Task objective:
What are the lines below, starting at the line containing "1850 BC - The" and ending at the line containing "तेरापंथ महिला मंडल"? Write them out exactly, ends included, without pictures.
### Material for this task
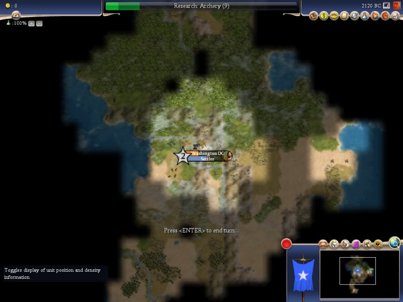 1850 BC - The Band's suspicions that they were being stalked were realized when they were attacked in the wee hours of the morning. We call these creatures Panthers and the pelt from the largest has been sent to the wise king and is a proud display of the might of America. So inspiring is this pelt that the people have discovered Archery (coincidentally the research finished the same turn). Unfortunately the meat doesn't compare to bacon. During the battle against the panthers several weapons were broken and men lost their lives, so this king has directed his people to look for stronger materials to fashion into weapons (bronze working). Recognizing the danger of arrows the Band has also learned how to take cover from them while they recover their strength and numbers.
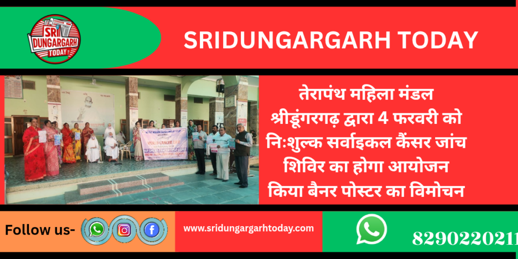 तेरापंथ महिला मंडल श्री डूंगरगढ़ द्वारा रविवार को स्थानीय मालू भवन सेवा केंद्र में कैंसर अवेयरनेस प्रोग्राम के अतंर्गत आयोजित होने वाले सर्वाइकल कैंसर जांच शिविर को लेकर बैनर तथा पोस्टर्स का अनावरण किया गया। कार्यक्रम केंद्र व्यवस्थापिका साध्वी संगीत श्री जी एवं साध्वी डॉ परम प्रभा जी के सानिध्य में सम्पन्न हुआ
######
### Material for this task
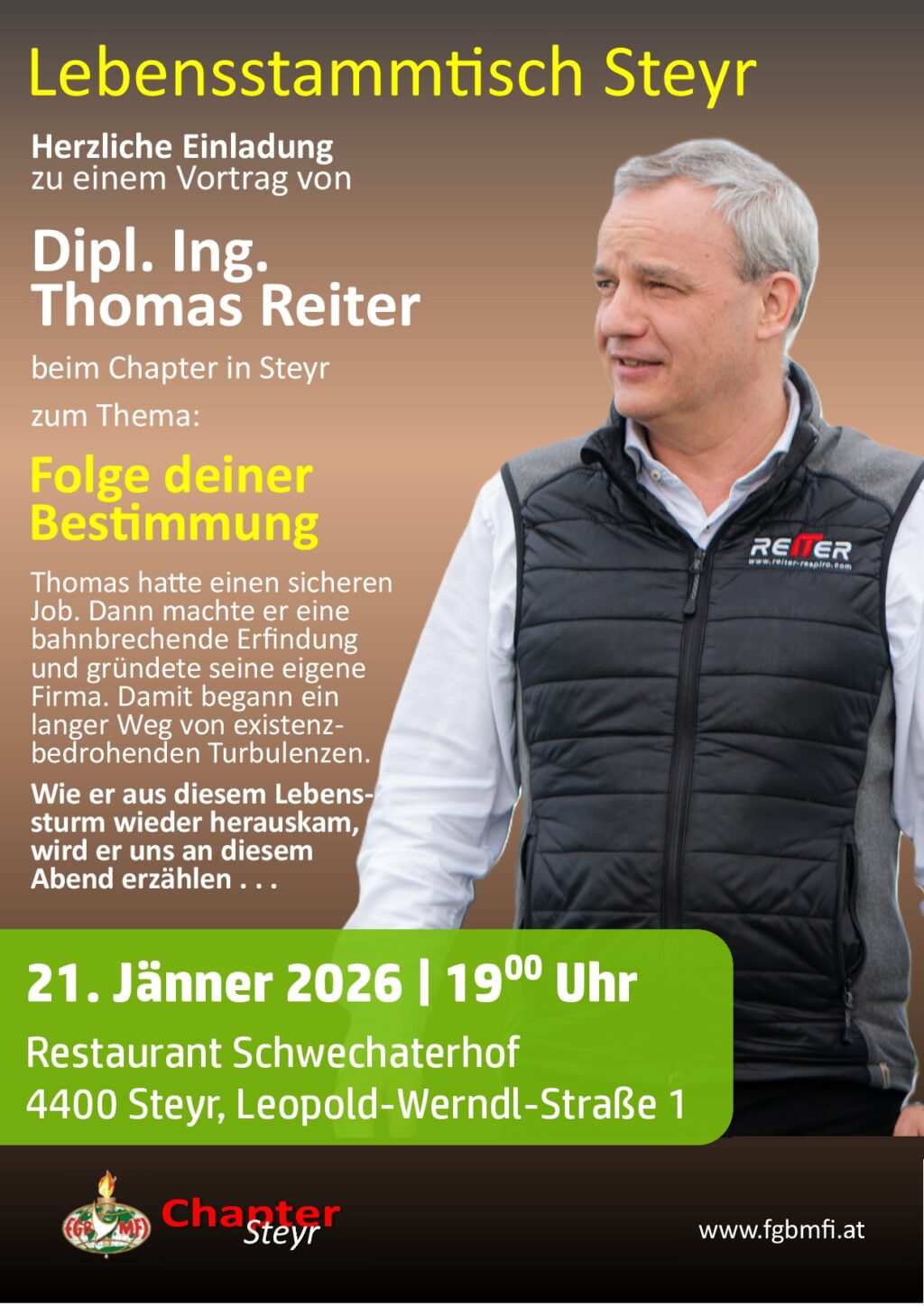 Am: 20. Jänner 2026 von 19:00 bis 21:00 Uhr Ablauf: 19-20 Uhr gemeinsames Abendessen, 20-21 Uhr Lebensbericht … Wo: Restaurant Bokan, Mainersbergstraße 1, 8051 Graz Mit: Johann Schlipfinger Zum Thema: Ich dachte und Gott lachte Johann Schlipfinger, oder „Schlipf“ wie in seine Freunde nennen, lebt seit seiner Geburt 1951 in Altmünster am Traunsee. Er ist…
######
### Material for this task
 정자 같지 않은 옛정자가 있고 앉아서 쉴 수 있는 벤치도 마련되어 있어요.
######
Output below:
 1850 BC - The Band's suspicions that they were being stalked were realized when they were attacked in the wee hours of the morning. We call these creatures Panthers and the pelt from the largest has been sent to the wise king and is a proud display of the might of America. So inspiring is this pelt that the people have discovered Archery (coincidentally the research finished the same turn). Unfortunately the meat doesn't compare to bacon. During the battle against the panthers several weapons were broken and men lost their lives, so this king has directed his people to look for stronger materials to fashion into weapons (bronze working). Recognizing the danger of arrows the Band has also learned how to take cover from them while they recover their strength and numbers.
 तेरापंथ महिला मंडल श्री डूंगरगढ़ द्वारा रविवार को स्थानीय मालू भवन सेवा केंद्र में कैंसर अवेयरनेस प्रोग्राम के अतंर्गत आयोजित होने वाले सर्वाइकल कैंसर जांच शिविर को लेकर बैनर तथा पोस्टर्स का अनावरण किया गया। कार्यक्रम केंद्र व्यवस्थापिका साध्वी संगीत श्री जी एवं साध्वी डॉ परम प्रभा जी के सानिध्य में सम्पन्न हुआ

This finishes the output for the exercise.